- [Work item]
Copy the listing exactly as given. Omit every picture.

- [Recorded information]
Content starts

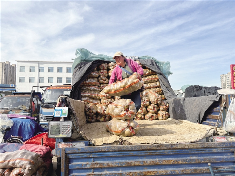 10月17日,记者来到呼和浩特万惠农贸市场,这里的冬储菜销售专区人流如织,20多辆运输车上满载着大白菜、土豆、大葱、芥菜等。前来采购冬储菜的市民或推着推车,或骑着三轮车、自行车,将一袋袋冬储菜运回家,还有不少年轻人开车帮着父母拉菜。
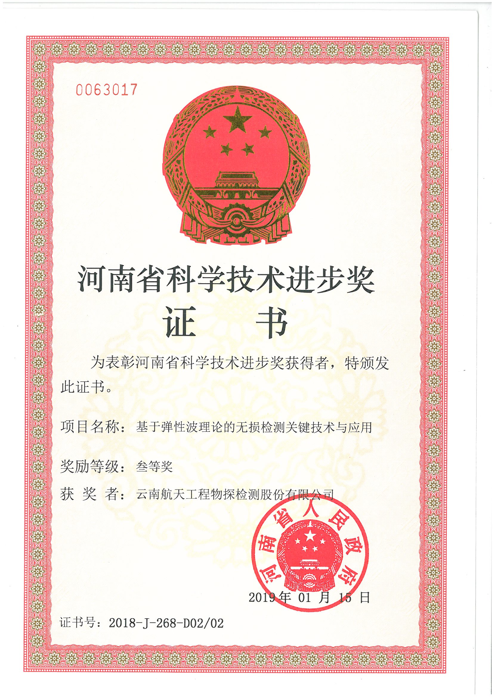 河南省科技進步一等獎
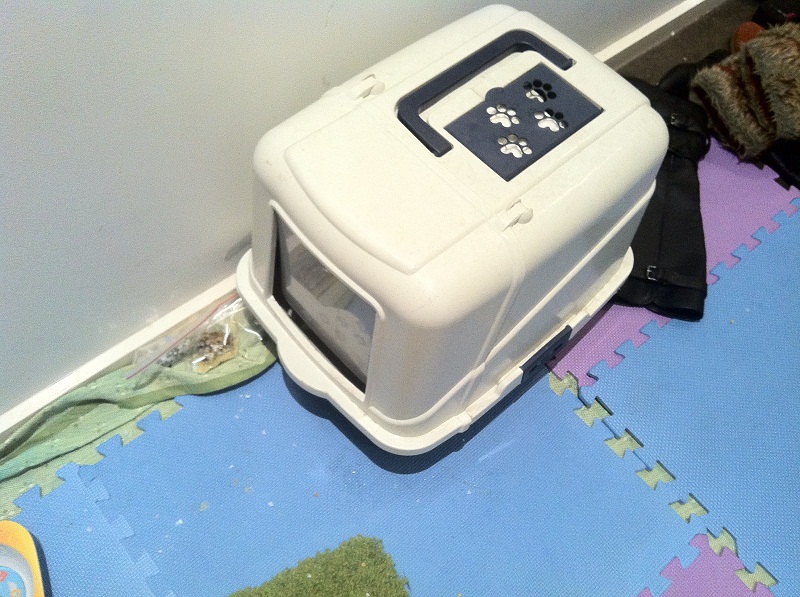 $20 因为要和小猫去悉尼的,用不着了。 这个挺好用的,我自己给它在里面加了个猫trail, 所以换猫砂的时候只要把trail 拿出来换就可以了, 很方便的。 门是活动的,宝宝可以自由进出。顶上有透气孔 ,可以夹香熏 ...

Content ends

- [Exercise answer]
 10月17日,记者来到呼和浩特万惠农贸市场,这里的冬储菜销售专区人流如织,20多辆运输车上满载着大白菜、土豆、大葱、芥菜等。前来采购冬储菜的市民或推着推车,或骑着三轮车、自行车,将一袋袋冬储菜运回家,还有不少年轻人开车帮着父母拉菜。
 河南省科技進步一等獎
 $20 因为要和小猫去悉尼的,用不着了。 这个挺好用的,我自己给它在里面加了个猫trail, 所以换猫砂的时候只要把trail 拿出来换就可以了, 很方便的。 门是活动的,宝宝可以自由进出。顶上有透气孔 ,可以夹香熏 ...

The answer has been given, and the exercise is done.